Waning Hate Campaign Stains Chinese New Year Celebration in New York

Epoch Times

By Petr Svab, Epoch Times | February 21, 2015

[Photo caption: Members of the Chinese Anti-Cult World Alliance group at the Chinese New Year parade in Flushing, New York, on Feb. 21, 2015. (Petr Svab/Epoch Times)]

FLUSHING, NY—It was a merry day for the 500,000 Chinese in Queens, NY, celebrating the Chinese New Year with an annual parade through the streets of Flushing. Lion and dragon dancers exchanged smiles with thousands in attendance, stirring a hot pot of good feelings befitting the traditional holiday of family reunification.

Spectators seemed quite unsure how to react to one group, though.

It was the Chinese Anti-Cult World Alliance, a non-profit set up in the United States with the sole purpose of defaming a spiritual group that, not by a coincidence, puts together a major part of the New Year parade.

The spiritual group in question is Falun Gong and has been part of the parade for about a decade. With a 100-strong marching band, dancers in traditional costumes, a waist drummers’ contingent, and a multitude of banners and floats, it is the largest and most sophisticated part of the parade.

That doesn’t sit well with some people. But to understand why, we need to go surprisingly far back and explore a phenomenon playing a major role in China today.

Falun Gong was introduced in China in early 1990s. Teaching slow-moving exercises, meditation, and the principles of truthfulness, compassion, and tolerance, it spread rapidly. By the end of the 1990s the Chinese regime estimated 70–100 million practiced Falun Gong.

With ever more people picking up Falun Gong, including in the higher echelons of the Chinese Communist Party and even in its military, some top leaders felt a major part of the Party’s mechanism for maintaining power was at risk–control over how the Chinese people think.
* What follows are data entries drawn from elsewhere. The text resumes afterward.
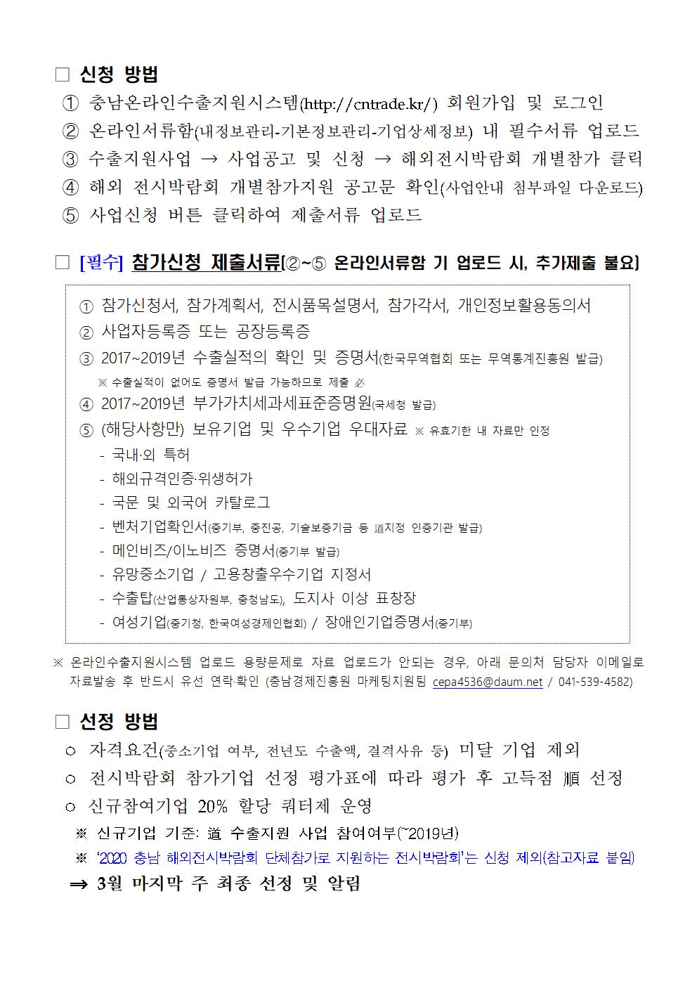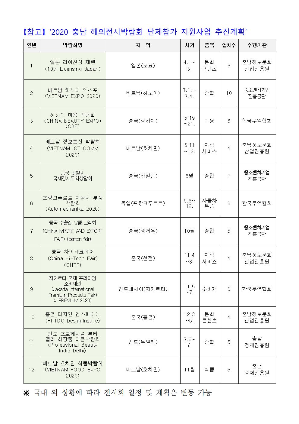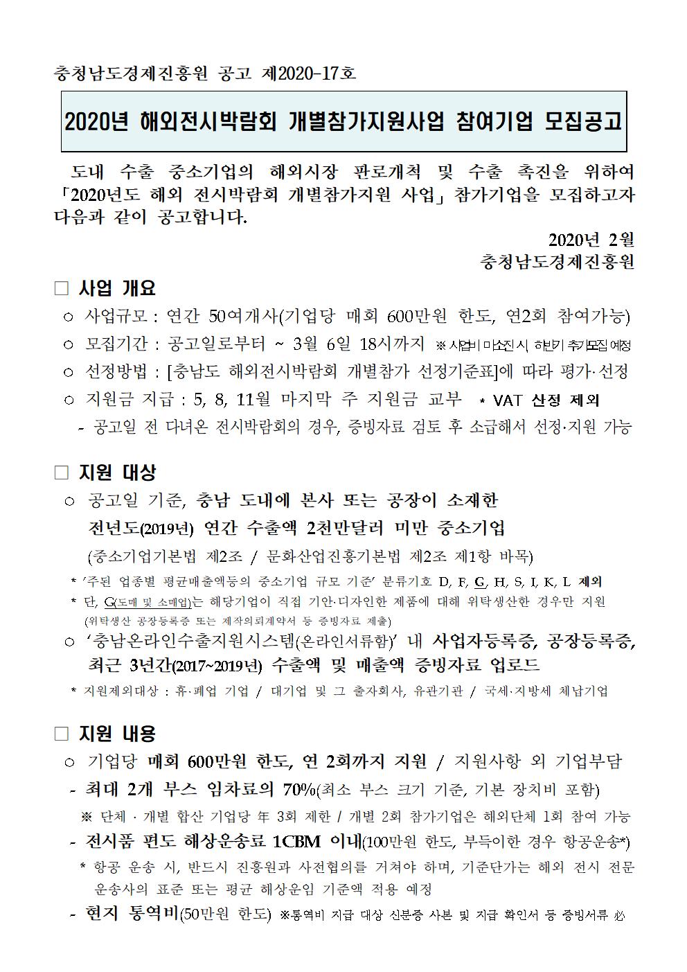 | 2020년도 해외전시박람회 개별참가지원 사업 참여기업 모집공고 |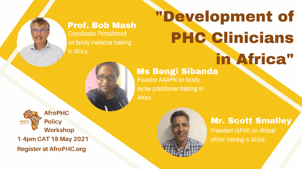 Join the AfroPHC Policy Workshop on 18th May 2021 on “Development of PHC clinicians in Africa”. This will be in the format of a moderated discussion with panellists and then group discussion and feedback.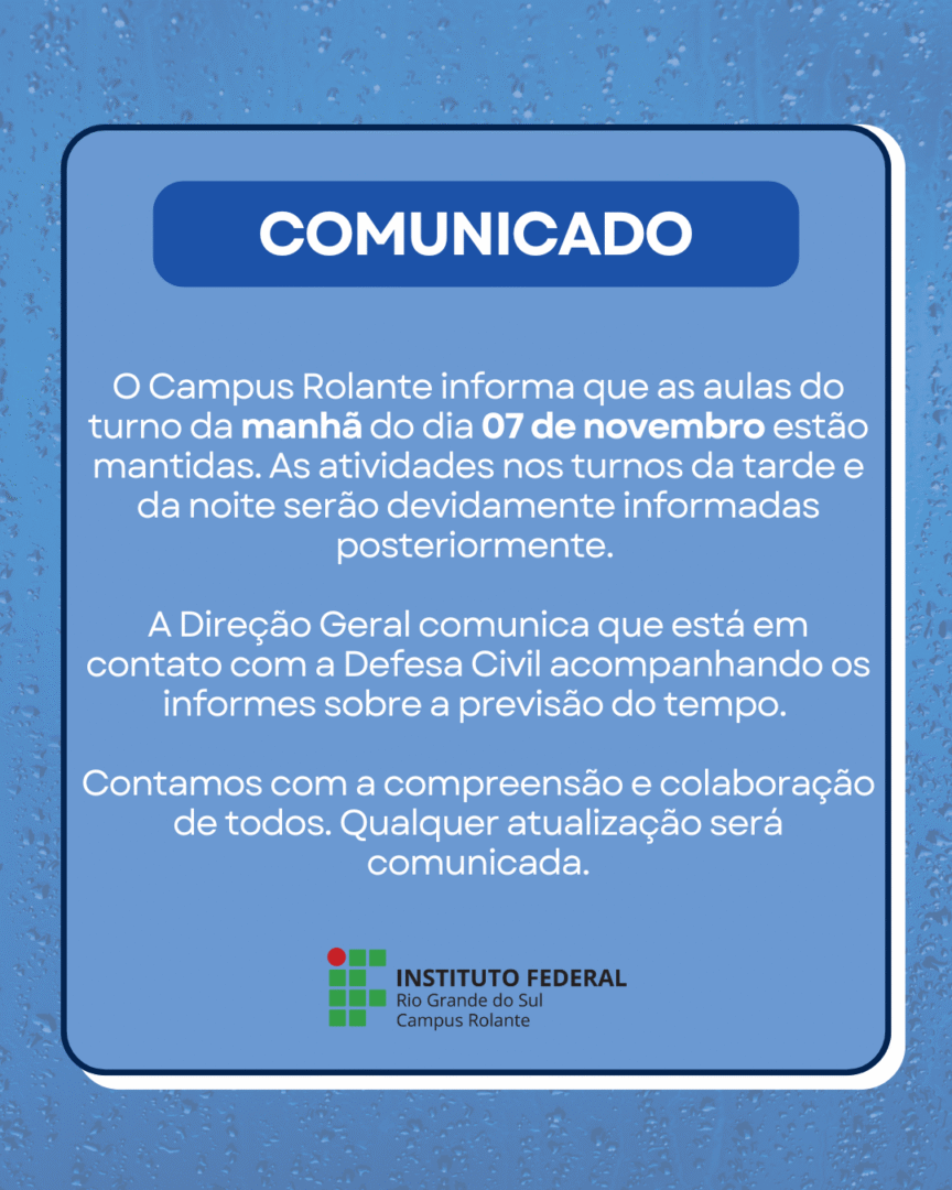 O Campus Rolante informa que as aulas do turno da manhã do dia 07 de novembro estão mantidas. As atividades nos turnos da tarde e da noite serão devidamente informadas posteriormente.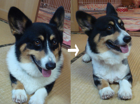 いつもの簡易デスクという専用トリミング台にて作業。 最初バリカンにビビるが、慣れたら大人しくなった。 元々そういうときには暴れないので楽な子なのだ。 バリカンも使いやすいし。 これなら楽勝だ~♪って余裕こいてたら大変でした・・・ みっちり生えてるコギ毛。 さすがダブルコート。 まずは6ミリで大雑把に刈り、3ミリで仕上げ。 楽しいくらいザックザック刈れる。 3ミリの仕上げにちと手間取ったが、なんとか刈れた。 正面から見た図。 首輪抜けを防ぐため、首輪から前は刈らず。 斜め後ろから見た図。 ≧∇≦ブハハハハハ 頭デカッ! ビフォーアフター。 襟巻きなくなって足が長くなったヾ(*ΦωΦ)ノ ヒャッホゥ 真上からから見たらスゴク変なんやけど、撮ってないΣ(´□`;)ハゥ なんか、とらであって、とらでない生き物になったようだ・・・ 見たら笑ってしまう。 あひゃひゃひゃひゃ(≧∀≦*)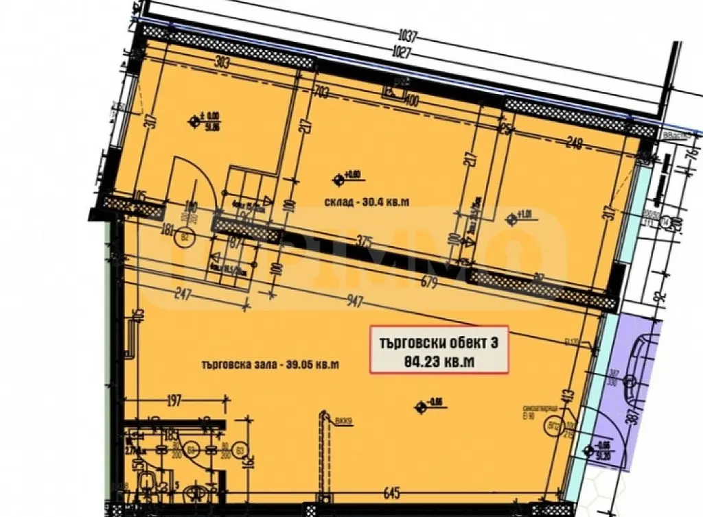Разположен на партерно ниво със следното разпределение: търговска зала 39м², санитарен възел, битовка и складова зона.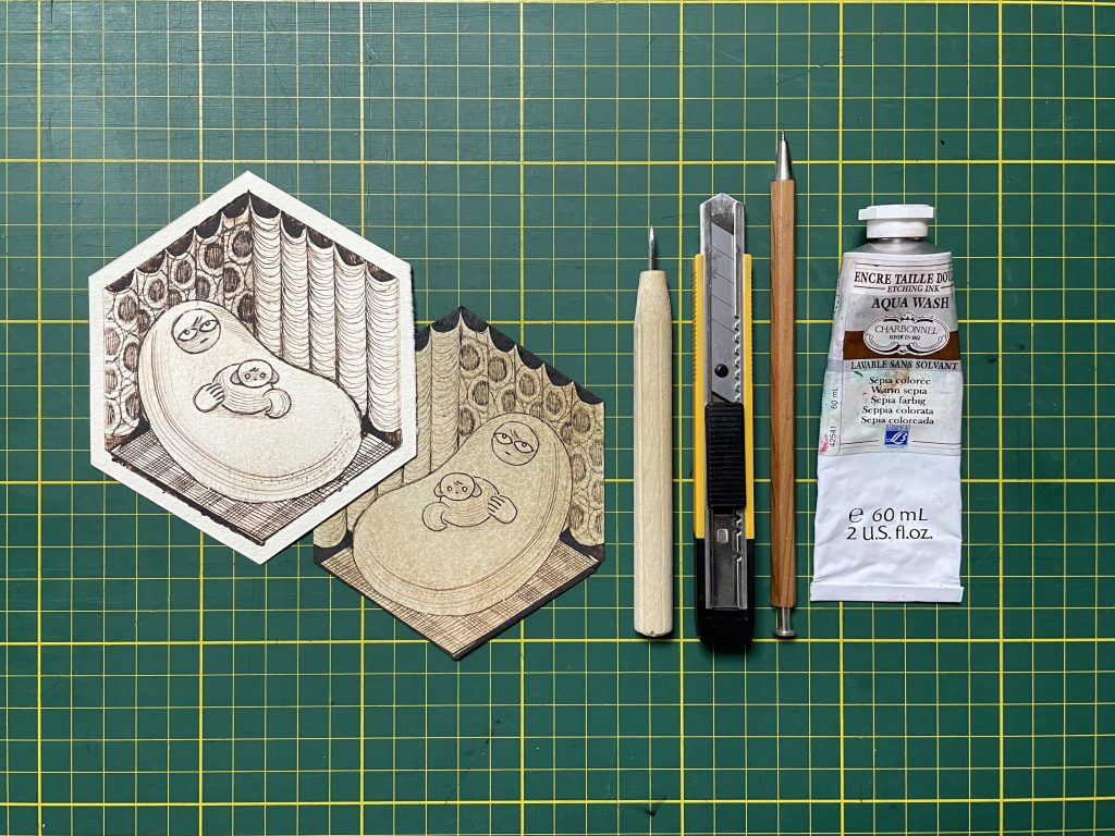 銅版画の技法としても知られていますが、小学生の時に学んだ木版画や消しゴムはんことはまた違った、繊細な線や陰影の表現を楽しめる版画です。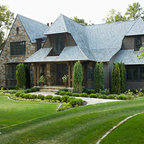cross gable with steep pitch combined with low pitch main gable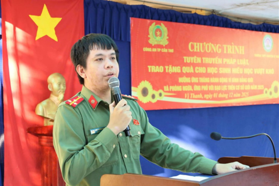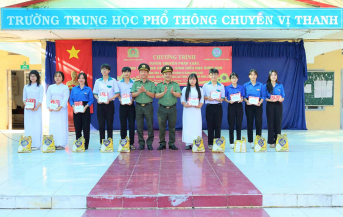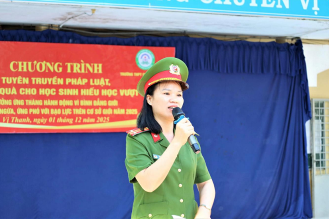 Nhằm thiết thực hưởng ứng Tháng bình đẳng giới năm 2025, sáng ngày 01/12, tại Trường THPT Chuyên Vị Thanh, Ban Phụ nữ Công an thành phố Cần Thơ phối hợp Công an phường Vị Thanh tổ chức chương trình tuyên truyền kỹ năng phòng, chống bạo lực học đường, xâm hại trẻ em, các biện pháp bảo vệ trẻ em trên không gian mạng và tặng quà cho các em học sinh Trường THPT Chuyên Vị Thanh.
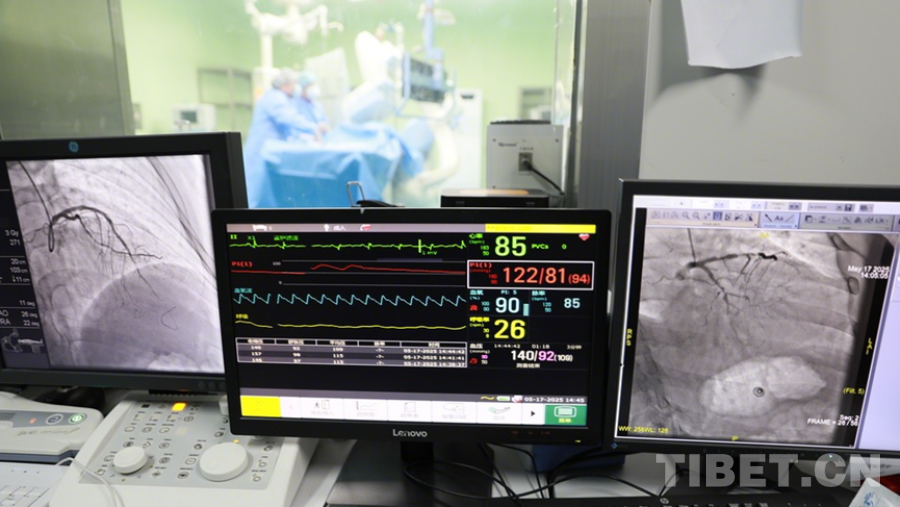 圖為陰赪茜趕赴阿壩州人民醫(yī)院手術救治急性心?;颊?,屏幕上顯示出患者心臟血管多處問題嚴重 攝影:劉莉

In 1999 then-Party leader Jiang Zemin made a speech accusing Falun Gong of “competing with the Party for the masses” and on July 20 launched a large-scale Maoist-style campaign to “eradicate” Falun Gong.

He created an extra-judicial organization, the “610 Office,” responsible for carrying out that campaign through arrests, torture, and brainwashing. Over the years reports accumulated about the regime killing people arrested for practicing Falun Gong and selling their organs.

Meanwhile, another organization was created to wage the “ideological battle,” to convince the Chinese population that the suppression campaign was justified. After the persecution of Falun Gong began, almost overnight Party propaganda suddenly blamed Falun Gong for virtually every thinkable (and unthinkable) vice through press, television, radio, even school textbooks.

The organization fighting the ideological battle was the Chinese Anti-Cult Association. And that brings us back to the New York Chinese New Year Parade. As Epoch Times has previously reported, the Chinese Anti-Cult World Alliance in New York is tied to the Communist Party-controlled Chinese Anti-Cult Association in China.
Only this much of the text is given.